Speaking during a virtual media briefing last week, chairman, Body of Bank CEOs and CEO of Access Bank Plc Herbert Wigwe, said authorised financial institutions in the FX market would ensure full compliance with the CBN directives in order to ensure FX stability.

Wigwe said customers could walk into their banks to purchase dollars for legitimate transactions, noting that the banks had agreed that the process would start immediately following a meeting with the CBN.

He said the banks were ready to meet the mandate of the CBN, adding that they have more than enough capacity to deliver. He explained that the process would be centralised to avoid abuse.

He said: “The banking industry is willing and ready to carry out this function. As you are aware, the bank has very strict compliance measures in terms of Know Your Customer (KYC). For us at Access Bank, we will ensure that all our branches meet the requirements.

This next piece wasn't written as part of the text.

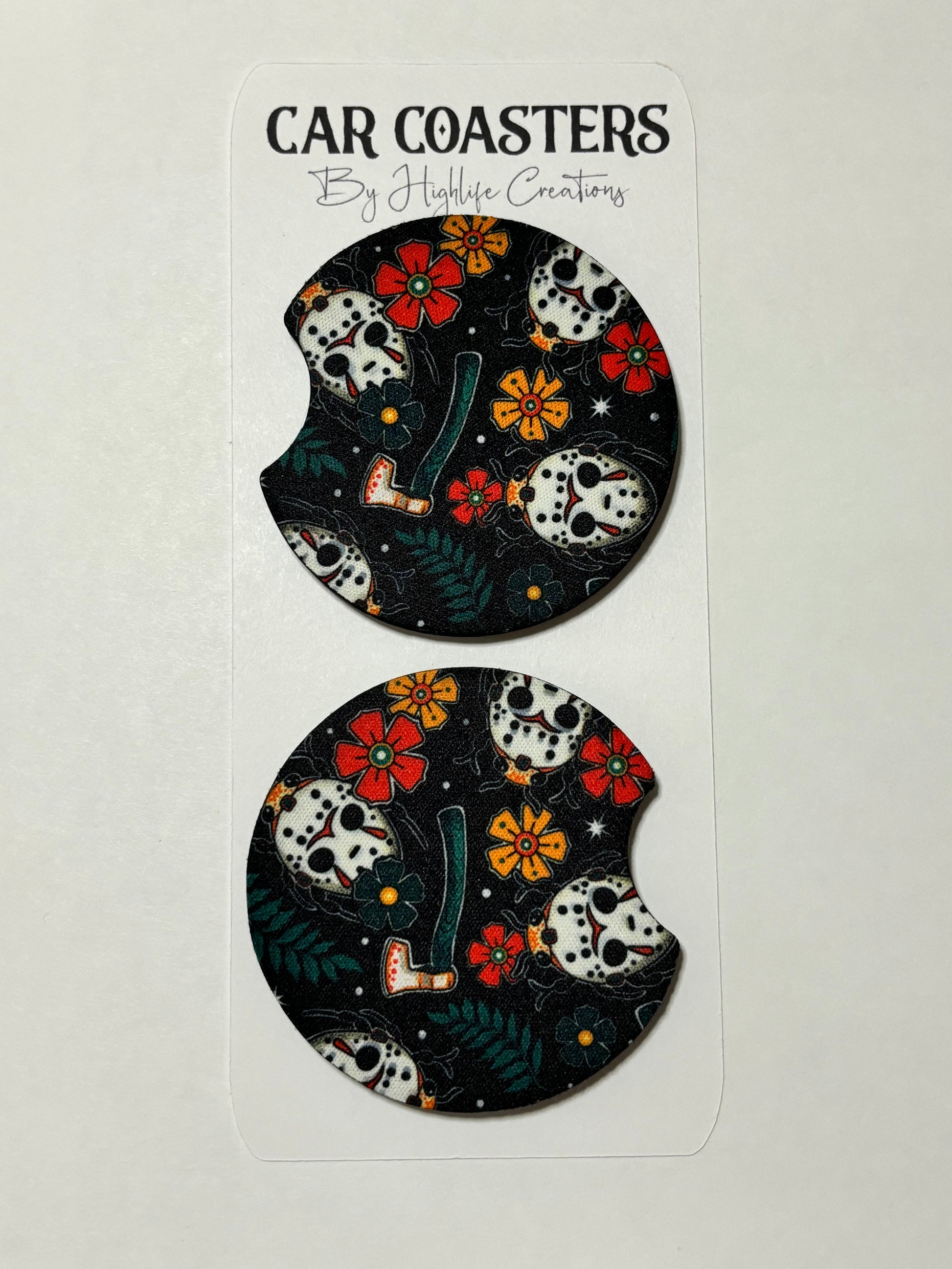 Keep your cupholders clean and stylish with these extremely absorbent, high quality neoprene car coasters! Designed to fit most cupholders! Just rinse with soap and water to clean.
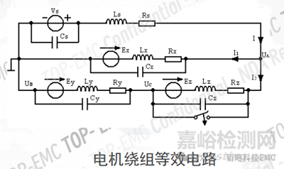 產生的火花擊穿換向器與換向器之間的間隙(結電容,Cx,Cy,Cz)進成回路,此為電機噪聲源(激勵源)。

“If you look at all the banks, you would agree with me that the banks have more than enough capacity to deal with the mandate of the CBN. If we see non-compliance issues, we will report to the CBN and the law enforcement agencies. So if people intend to do things, such as coming with a second passport and other things, we will report them to the law enforcement agencies.”

He added, “We feel that what the CBN has done is worthy of commendation because people will have access to different channels to collect their BTAs and school fees required for their children.

“The banks have a lot more channels to assist the customers get access to forex, depending on where they are, even if they are in Enugu or Port Harcourt.”

Similarly, the CEO of Guaranty Trust Bank, SegunAgbaje, expressed the readiness of the bank to begin implementation of the mandate given by the CBN. Agbaje assured customers that the banks had the resources to fund the process, adding that they have collectively agreed to start immediately.

Agbaje said, “There is a lot of abuse around FX, so you will find out that some of the better controlled systems are centralised, while some are decentralised. Customers should not panic, there would be availability of forex, and the banks will run a very transparent process.”